Last updated: April 15, 2026

Quick answer

The production-ready stack is a hybrid retrieval pipeline: BM25 plus dense embeddings stored in Qdrant or pgvector, a Cohere or Voyage reranker, and Claude Sonnet 4 as the answer synthesizer. Expect $0.10 to $0.30 per query at scale. The hardest problem is not retrieval — it is access control and document freshness.

The problem

You need employees to search across every internal document — PDFs, Notion pages, Confluence, Google Drive, Slack — with natural-language questions that return accurate answers with citations. The system must respect per-user access permissions, handle 1M+ documents, and answer in under 4 seconds.

Architecture

input

llm

data

infra

output

Source Connectors

Ingests from Notion, Confluence, Google Drive, Slack, SharePoint, and PDFs.
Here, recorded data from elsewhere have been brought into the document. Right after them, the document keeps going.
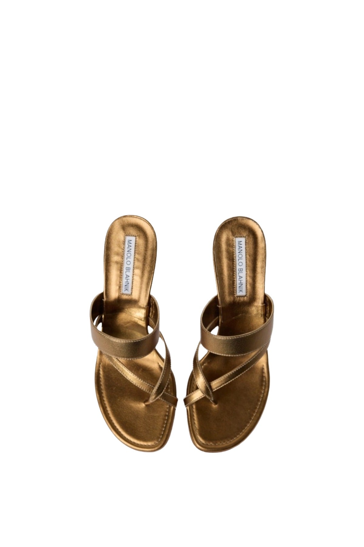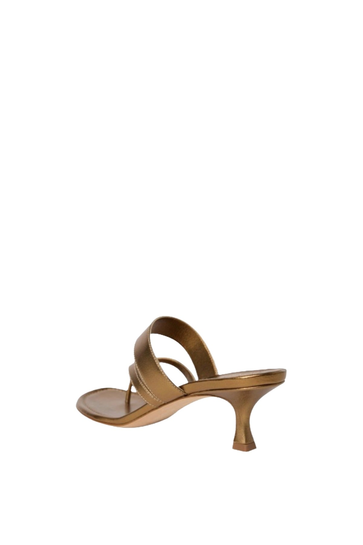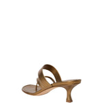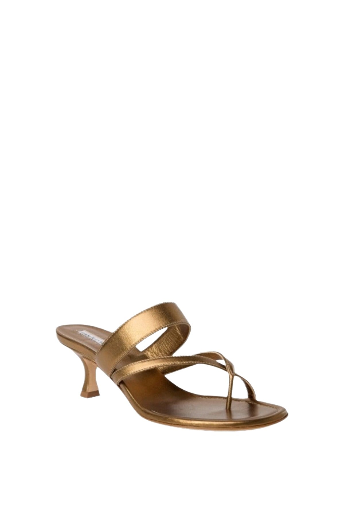 INFO Nappa leather open toe mules featuring crossover straps with toe stem and low mid heel. |
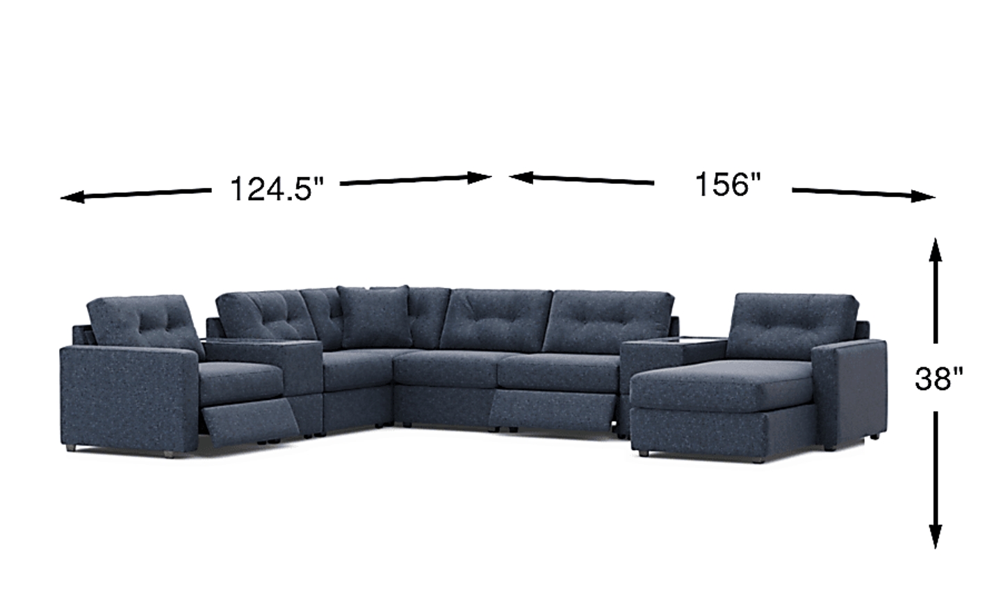 Discover the limitless possibilities of the Drew & Jonathan ModularOne, thoughtfully designed with comfort and flexibility in mind. This customizable seating solution features individual pieces that can be configured to any shape your room needs - the seating arrangement you want is always right at your fingertips. Each individual piece is upholstered on all sides in handsome dark blue textured fabric. The seating area has welted track arms, top-stitched seat cushions and button-tufted back cushions for an elegant silhouette. Includes RAF chaise, 2 consoles, armless power recliner, 2 armless chairs, wedge, and LAF power recliner. Upholstery: 100% Polypropylene.
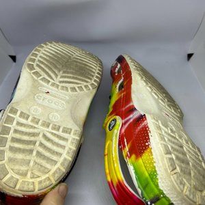 Crocs Men's and Women's Baya Tie Dye Clogs | Slip On Shoes | Waterproof Sandals Multicolor Clogs Shoes 8M-10W. Plastic, wear on paint & soles see pics, pre-owned in good condition.
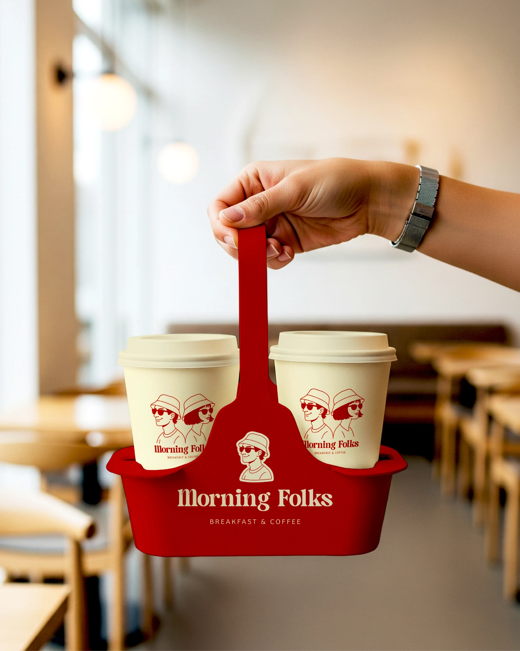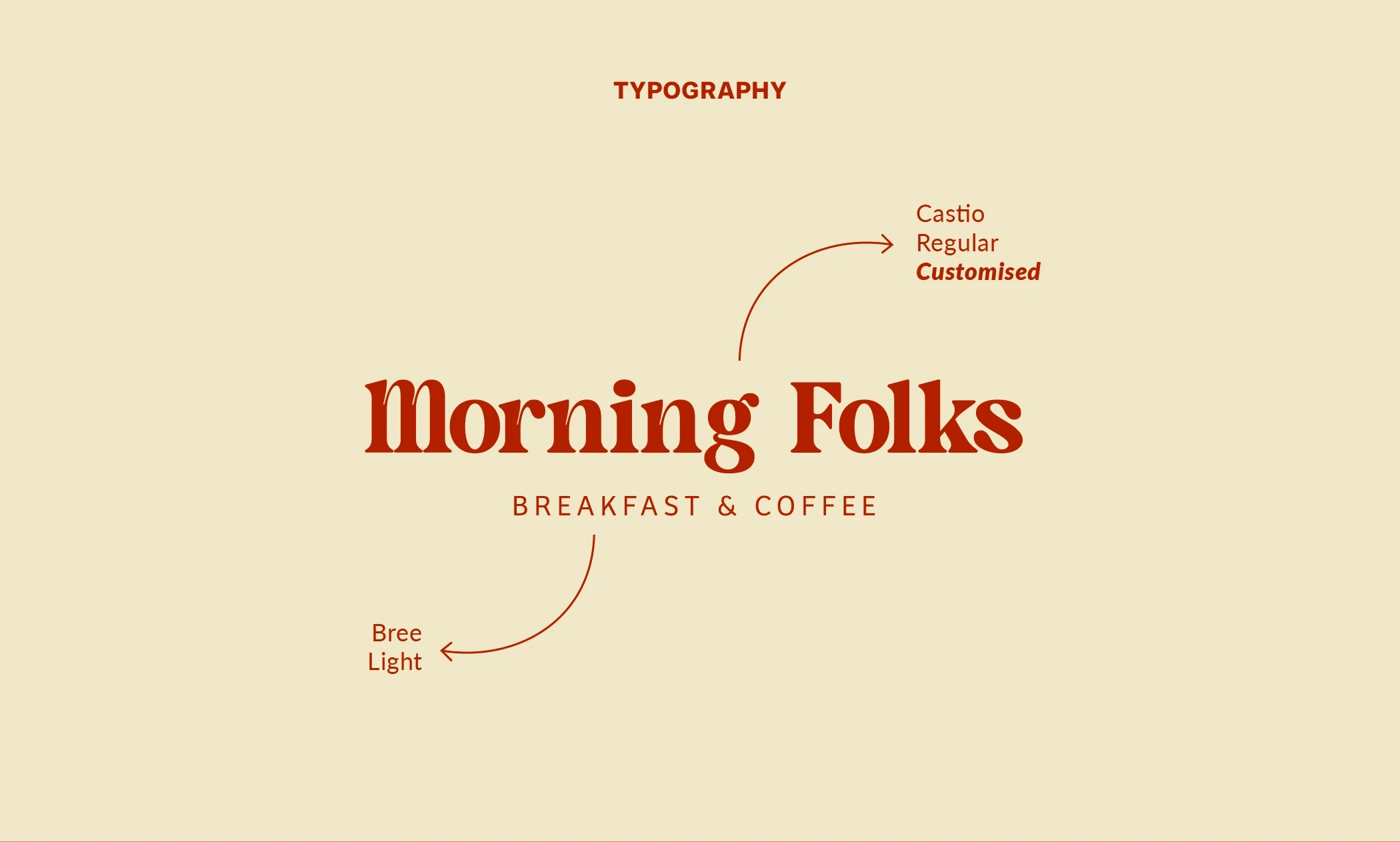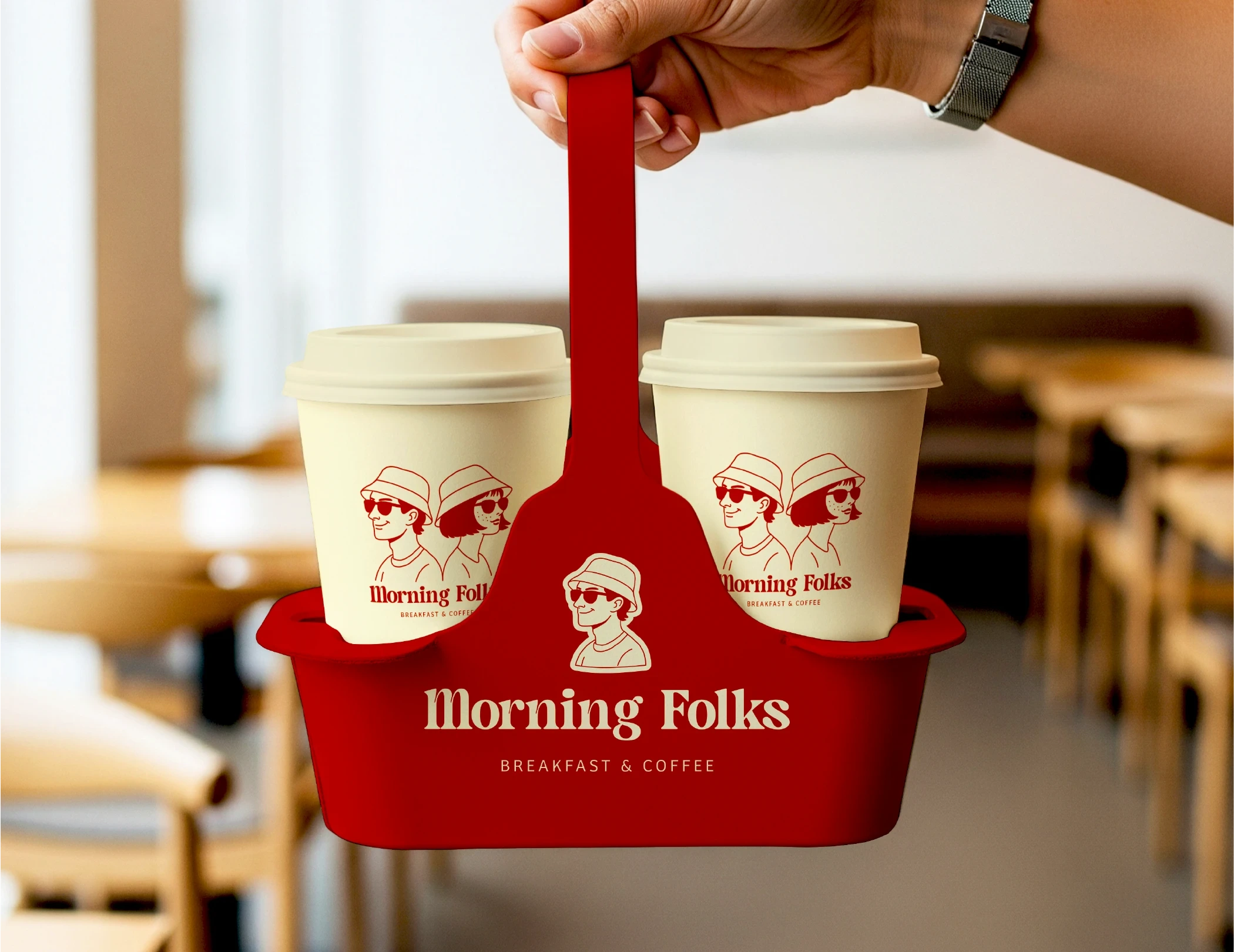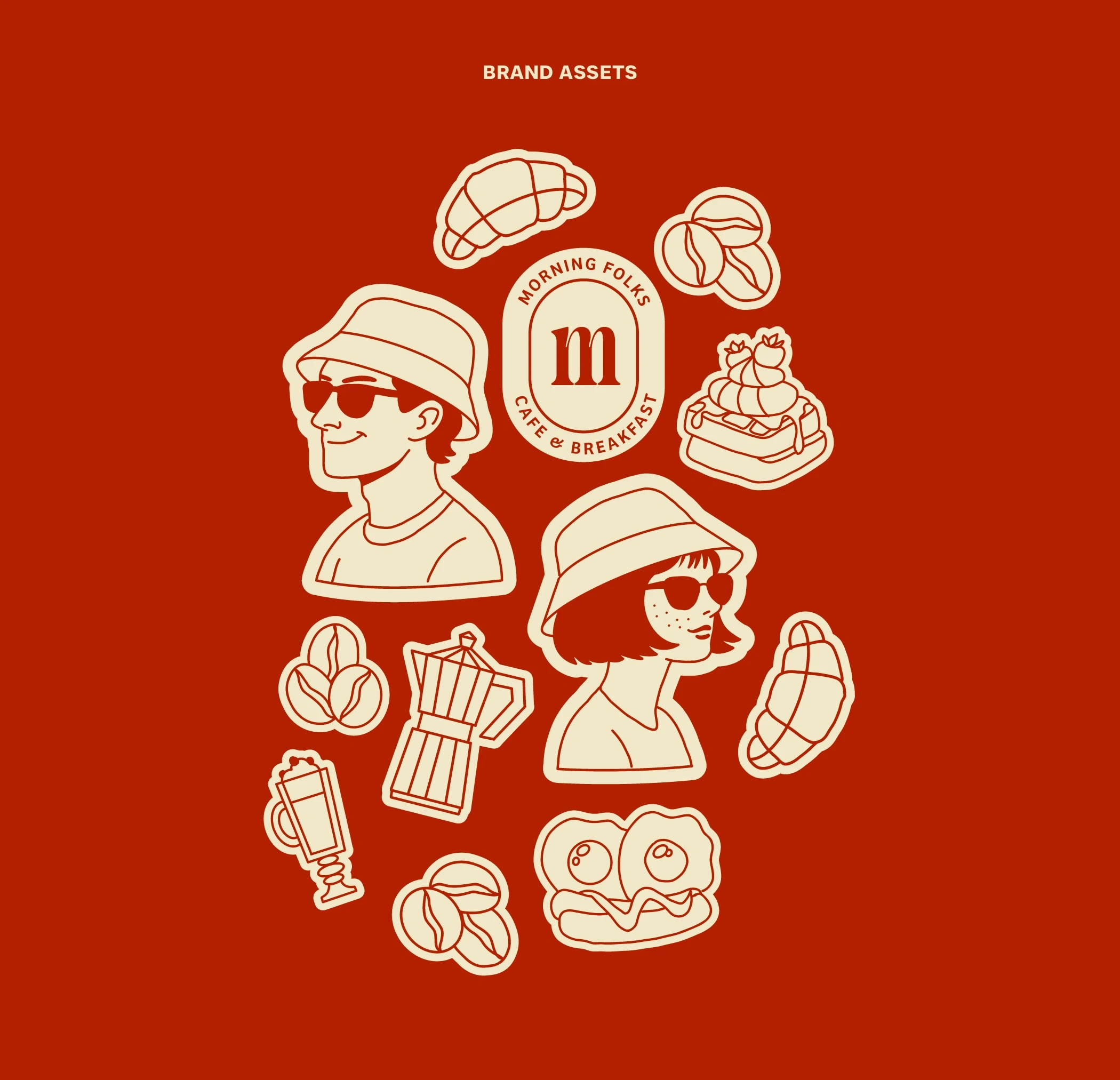 Supporting graphics include croissants, moka pots, and sunny-side eggs, used across takeaway packaging, uniforms, and social content to build a system that feels cohesive and full of personality. Messaging is short, snappy, and human, like “We serve thoughtful breakfast, slow coffee, and a seat with your name on it.” From cups to carry bags to uniforms, every brand touchpoint is designed to feel fun, friendly, and instantly recognizable.

Alternatives: Nuclia, Ragie, Airbyte, Unstructured.io

Semantic Chunker

Splits documents into 400 to 800 token chunks that preserve semantic boundaries.

Alternatives: Late chunking, Contextual retrieval (Anthropic), Recursive character splitter

Embedding Model

Converts chunks and queries into dense vectors.

Alternatives: OpenAI text-embedding-3-large, Cohere Embed v3

Vector DB (Hybrid)

Stores embeddings, BM25 index, and metadata including doc ID and ACL.

Alternatives: pgvector, Pinecone, Weaviate

Hybrid Retriever

Runs dense and BM25 retrieval in parallel, then merges results with reciprocal rank fusion.

Alternatives: RRF, Weighted merging, ColBERT late-interaction

Reranker

Cross-encoder reranks the top 50 results down to 5.

Alternatives: Cohere Rerank 3, Voyage Rerank-2, Jina reranker

ACL Filter

Removes documents the requesting user cannot access before ranking.

Alternatives: SpiceDB, OpenFGA, Custom middleware

Answer Synthesizer

Generates the answer with inline citations to source chunks.

Alternatives: GPT-4o, Gemini 2.5 Pro

Search UI

Displays the answer plus ranked source documents with citations.

Alternatives: Custom React, Glean-style, Slack bot

The stack

Source connectorsUnstructured.io + custom

Open-source, handles 60+ document formats, and integrates with most enterprise systems without an additional SaaS contract.

Alternatives: Nuclia, Ragie

Chunking strategyContextual retrieval (Anthropic)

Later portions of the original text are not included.